PROBLEM DETAILS :: Images are to be left out; everything else in the listing should be repeated exactly.

INFORMATION SHOWN ::
----

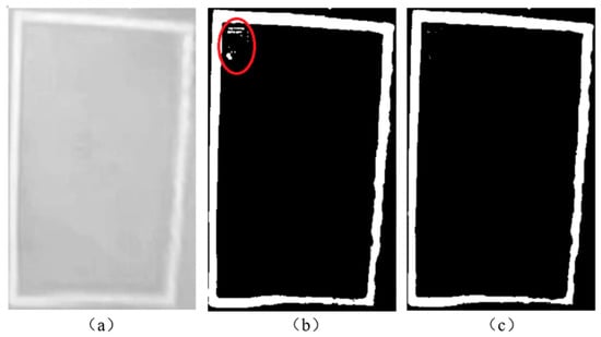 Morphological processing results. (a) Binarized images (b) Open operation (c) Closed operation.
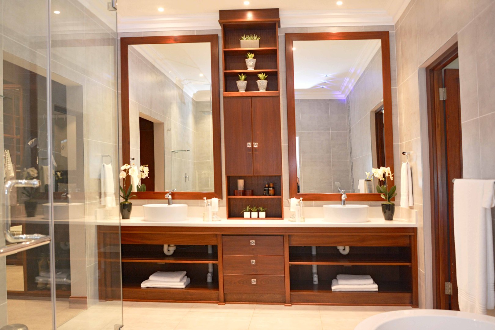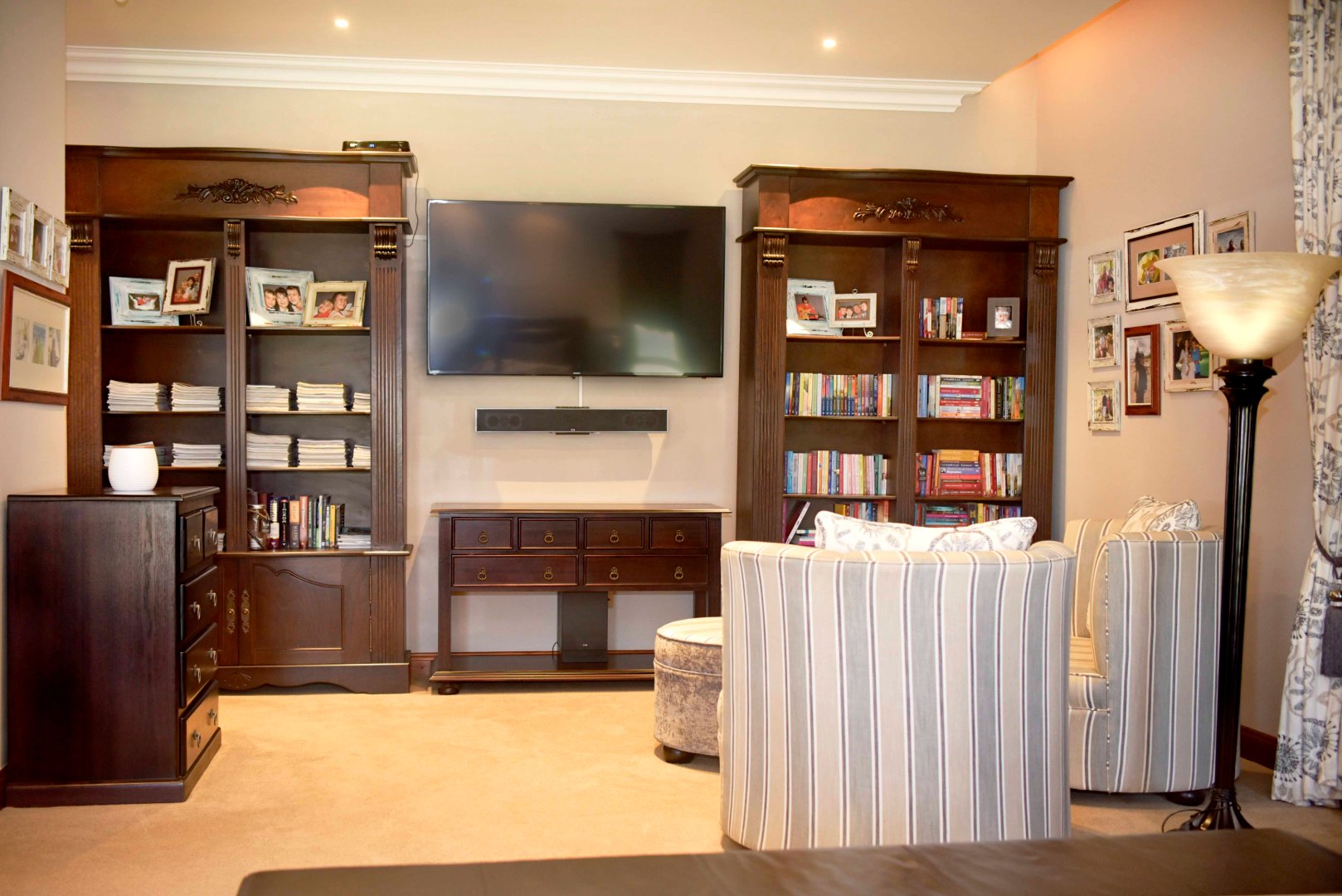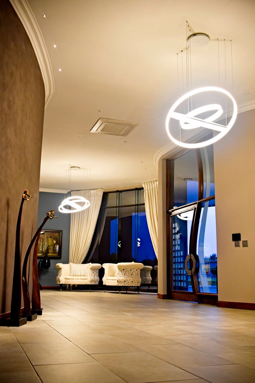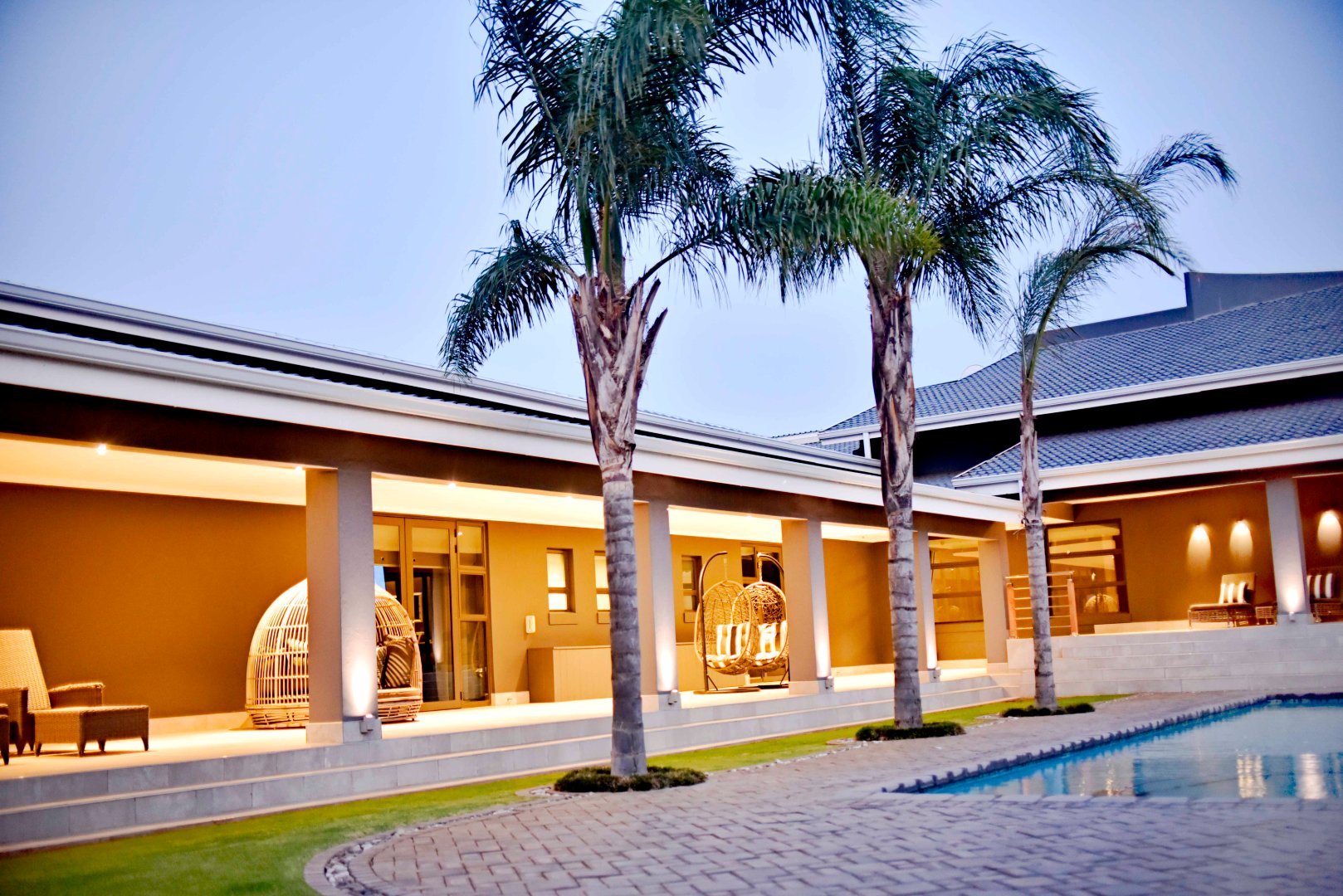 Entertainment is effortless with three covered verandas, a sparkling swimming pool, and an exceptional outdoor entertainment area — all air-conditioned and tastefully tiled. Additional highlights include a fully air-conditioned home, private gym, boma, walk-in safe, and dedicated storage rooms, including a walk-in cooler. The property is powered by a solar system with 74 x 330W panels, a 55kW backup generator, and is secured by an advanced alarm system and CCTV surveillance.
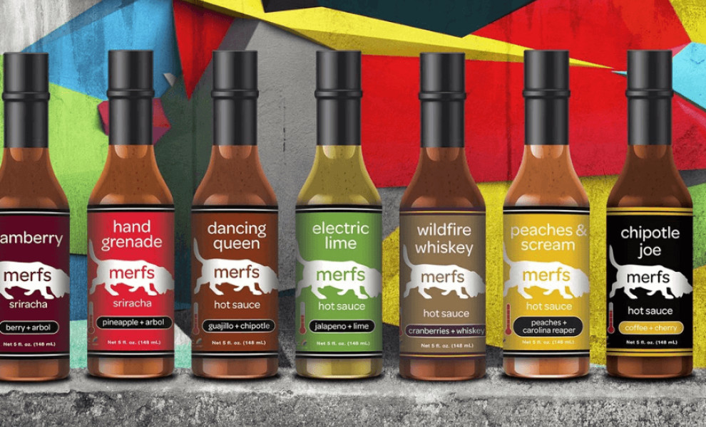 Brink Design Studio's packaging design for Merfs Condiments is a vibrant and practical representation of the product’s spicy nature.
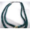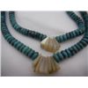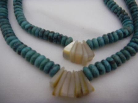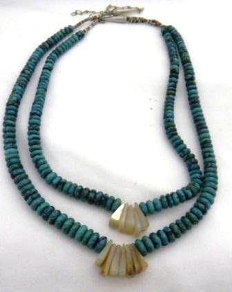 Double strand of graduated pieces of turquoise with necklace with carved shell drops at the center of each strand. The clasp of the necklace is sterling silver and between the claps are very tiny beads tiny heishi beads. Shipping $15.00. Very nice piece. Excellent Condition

----

EXERCISE SOLUTION ::
 Morphological processing results. (a) Binarized images (b) Open operation (c) Closed operation.
 Entertainment is effortless with three covered verandas, a sparkling swimming pool, and an exceptional outdoor entertainment area — all air-conditioned and tastefully tiled. Additional highlights include a fully air-conditioned home, private gym, boma, walk-in safe, and dedicated storage rooms, including a walk-in cooler. The property is powered by a solar system with 74 x 330W panels, a 55kW backup generator, and is secured by an advanced alarm system and CCTV surveillance.
 Brink Design Studio's packaging design for Merfs Condiments is a vibrant and practical representation of the product’s spicy nature.
 Double strand of graduated pieces of turquoise with necklace with carved shell drops at the center of each strand. The clasp of the necklace is sterling silver and between the claps are very tiny beads tiny heishi beads. Shipping $15.00. Very nice piece. Excellent Condition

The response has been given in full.